Bon rappel : chez un sportif, malaise à l’effort + douleur thoracique peu après un “état grippal” doit faire penser à une inflammation du cœur (myocardite), même si l’écho est rassurante. On peut imaginer le myocarde comme un muscle “irrité” : tant qu’il est enflammé, le pousser à l’entraînement augmente le risque de troubles du rythme et de complications. Les indices concordants ici sont parlants (ST diffus, troponine élevée, petit épanchement, IRM compatible). Le message clé pour le grand public : après une infection virale, si surviennent douleur thoracique, essoufflement inhabituel, palpitations ou syncope, on stoppe le sport et on consulte rapidement. Et surtout, le retour au sport doit être encadré et progressif, avec contrôle médical, pas “à l’instinct”.
Cas très pédagogique : la triade contexte viral récent + syncope d’effort + douleur thoracique avec troponine élevée impose d’évoquer une myocardite, même avec FE conservée. L’ECG à sus-décalage ST diffus et le petit épanchement péricardique renforcent l’orientation « myopéricardite ». L’IRM selon Lake Louise 2018 (œdème + LGE sous-épicardique latéral) est cohérente et permet une stratification du risque, le LGE étant associé à un pronostic rythmique moins favorable. Sur le plan pratique, ce tableau justifie une surveillance rythmique (télémétrie/Holter, ± épreuve d’effort différée) et une éviction sportive stricte. Pour le retour au sport : recommandations habituelles = repos 3–6 mois, reprise après disparition des symptômes, normalisation des biomarqueurs, absence d’arythmies significatives et fonction VG stable; l’IRM de contrôle peut aider si persistance du LGE. Prudence particulière car syncope à l’effort = signal d’alerte majeur.
Cas très évocateur de myopéricardite post-virale chez sportif : douleur thoracique + syncope d’effort + troponine + ST diffus + petit épanchement, avec IRM conforme aux critères de Lake Louise 2018 (œdème T2 + LGE sous-épicardique).

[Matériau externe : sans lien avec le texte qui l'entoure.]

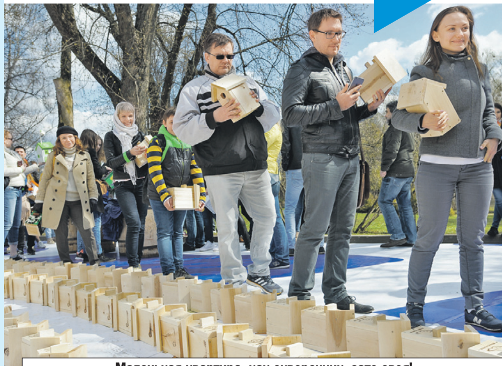
Маленькая квартира, как скворечник, зато своя! Таких низких ставок по кредитам на жилье еще не было, и народ ринулся решать квартирнй вопрос.

Самый ходовой прогноз про рынок жилья в последние месяцы коронавируса и самоизоляции - вот-вот цены рухнут. Но пока этого не происходит, и даже, напротив, вопреки прогнозам о падении реальных доходов населения у нас начался чуть ли не квартирнй бум. Все «почему?» и «что дальше?» «КП» задала экспертам.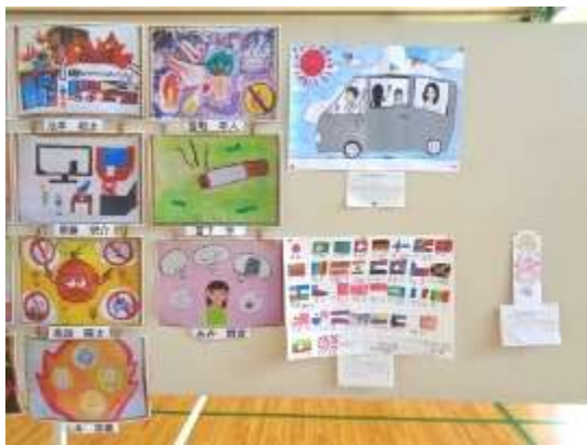
防火ポスター等の平面作品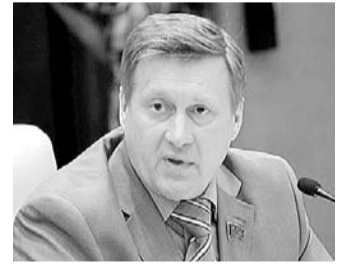
НА ФОТО: АНАТОЛИЙ ЛОКОТЬ В ГОСУДАРСТВЕННОЙ ДУМЕ

Депутат от Новосибирской области Анатолий ЛОКОТЬ потребовал провести парламентское расследование дела «Рособоронсервиса» и установления в нем роли СЕРДЮКОВА на пленарном заседании Госдумы во вторник. Ситуация, когда вопиющим фактам не дается должной оценки, не устраивает никого.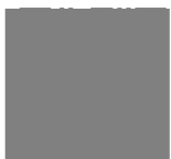
Signatura electrònica Firma electrònica

Si voleu impugnar la present resolució, que posa fi a la via administrativa, podeu interposar recurs contenciós administratiu davant el Jutjat Contenciós Administratiu de Tarragona, en el termini de dos mesos, a comptar des del dia següent de la seva notificació.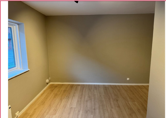
Plass til sittegruppe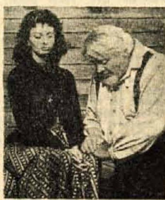
Fred Astaire, Ginger Rogers, Frank Sinatra in Doris Day — vsi ti so pričeli svojo kariero kot pevci popevk, a so kmalu prišli do zahtevnejših, resnejših vlog. Tudi Burl Ives (na sliki) je še pred nekaj leti pel v nočnih lokalih balade in narodne pesmi. Šele v zrelih letih je pričel nastopati v resnejših vlogah. Ze s svojo prvo večjo vlogo (igral je skupaj z Soño Loren) se je priril v prve vrste karakternih igralcev.

Sur le plan EBM, la syncope à l’effort impose une stratification rythmique plus poussée (monitoring prolongé, épreuve d’effort/EP selon contexte) car le risque d’arythmies ventriculaires est surtout corrélé à la présence/étendue du LGE, parfois indépendamment de la FE. Intéressant aussi de rappeler les diagnostics différentiels (coronarite/SCAD chez jeunes, anomalie coronaire, cardiomyopathie arythmogène) et l’intérêt d’un dosage inflammatoire (CRP) et d’une recherche étiologique ciblée. Enfin, pour le retour au sport : arrêt 3–6 mois classiquement, puis reprise conditionnée à l’absence de symptômes, normalisation ECG/troponine et absence d’arythmie à l’effort; l’IRM de contrôle en cas de LGE persistant peut guider la décision partagée.

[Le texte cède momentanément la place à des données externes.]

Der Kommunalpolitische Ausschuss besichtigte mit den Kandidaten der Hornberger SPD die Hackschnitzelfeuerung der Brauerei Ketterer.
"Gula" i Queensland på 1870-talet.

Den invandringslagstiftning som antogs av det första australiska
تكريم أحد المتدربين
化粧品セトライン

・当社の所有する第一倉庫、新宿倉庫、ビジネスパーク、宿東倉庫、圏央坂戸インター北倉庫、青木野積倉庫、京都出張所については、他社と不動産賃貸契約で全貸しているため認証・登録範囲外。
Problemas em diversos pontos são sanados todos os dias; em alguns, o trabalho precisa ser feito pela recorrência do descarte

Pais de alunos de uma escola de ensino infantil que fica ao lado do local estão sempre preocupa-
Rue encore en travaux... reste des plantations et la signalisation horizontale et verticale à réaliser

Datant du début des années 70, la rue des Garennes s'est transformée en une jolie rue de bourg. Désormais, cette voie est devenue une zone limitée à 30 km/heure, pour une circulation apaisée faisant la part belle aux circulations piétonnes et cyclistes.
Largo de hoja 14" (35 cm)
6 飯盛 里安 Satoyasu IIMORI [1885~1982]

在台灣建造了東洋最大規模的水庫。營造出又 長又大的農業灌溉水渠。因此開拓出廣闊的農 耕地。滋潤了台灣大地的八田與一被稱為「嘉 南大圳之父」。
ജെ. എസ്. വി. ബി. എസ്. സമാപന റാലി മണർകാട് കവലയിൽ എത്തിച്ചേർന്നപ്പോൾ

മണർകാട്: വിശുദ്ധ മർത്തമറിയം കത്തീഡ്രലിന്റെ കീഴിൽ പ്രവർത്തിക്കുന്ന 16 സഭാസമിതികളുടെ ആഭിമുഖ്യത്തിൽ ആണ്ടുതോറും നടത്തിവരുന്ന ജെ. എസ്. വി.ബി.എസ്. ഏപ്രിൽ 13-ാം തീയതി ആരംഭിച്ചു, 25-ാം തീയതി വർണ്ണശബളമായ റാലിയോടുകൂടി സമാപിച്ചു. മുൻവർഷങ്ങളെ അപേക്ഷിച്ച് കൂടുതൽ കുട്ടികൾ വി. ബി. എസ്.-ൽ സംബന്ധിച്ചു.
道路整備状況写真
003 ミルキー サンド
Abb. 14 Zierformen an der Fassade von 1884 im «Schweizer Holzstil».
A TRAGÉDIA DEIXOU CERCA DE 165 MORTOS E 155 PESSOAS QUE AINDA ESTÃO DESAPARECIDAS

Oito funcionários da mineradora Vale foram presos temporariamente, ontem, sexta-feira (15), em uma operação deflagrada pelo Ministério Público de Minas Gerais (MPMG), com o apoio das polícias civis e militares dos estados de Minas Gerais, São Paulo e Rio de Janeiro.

Le raisonnement diagnostique est globalement solide : la présentation post-virale, la troponine élevée et l’IRM selon Lake Louise 2018 (≥1 critère T2 + ≥1 critère T1/LGE) étayent bien une myocardite « probable » (l’IRM ne suffit pas à elle seule à prouver l’étiologie). Attention toutefois à ne pas surinterpréter le sus-décalage ST diffus : c’est aussi très compatible avec une péricardite/myopéricardite, ce que suggère l’épanchement. Point clé : la syncope à l’effort est effectivement un signal d’alarme (risque rythmique), même si la FE est conservée ; il faut documenter (monitoring, Holter, épreuve/CPET uniquement après stabilisation) et discuter la stratification du risque. Sur le retour au sport, rappeler les recommandations usuelles d’arrêt 3–6 mois avec reprise conditionnée par disparition des symptômes, normalisation biomarqueurs/ECG et absence d’arythmie à l’effort.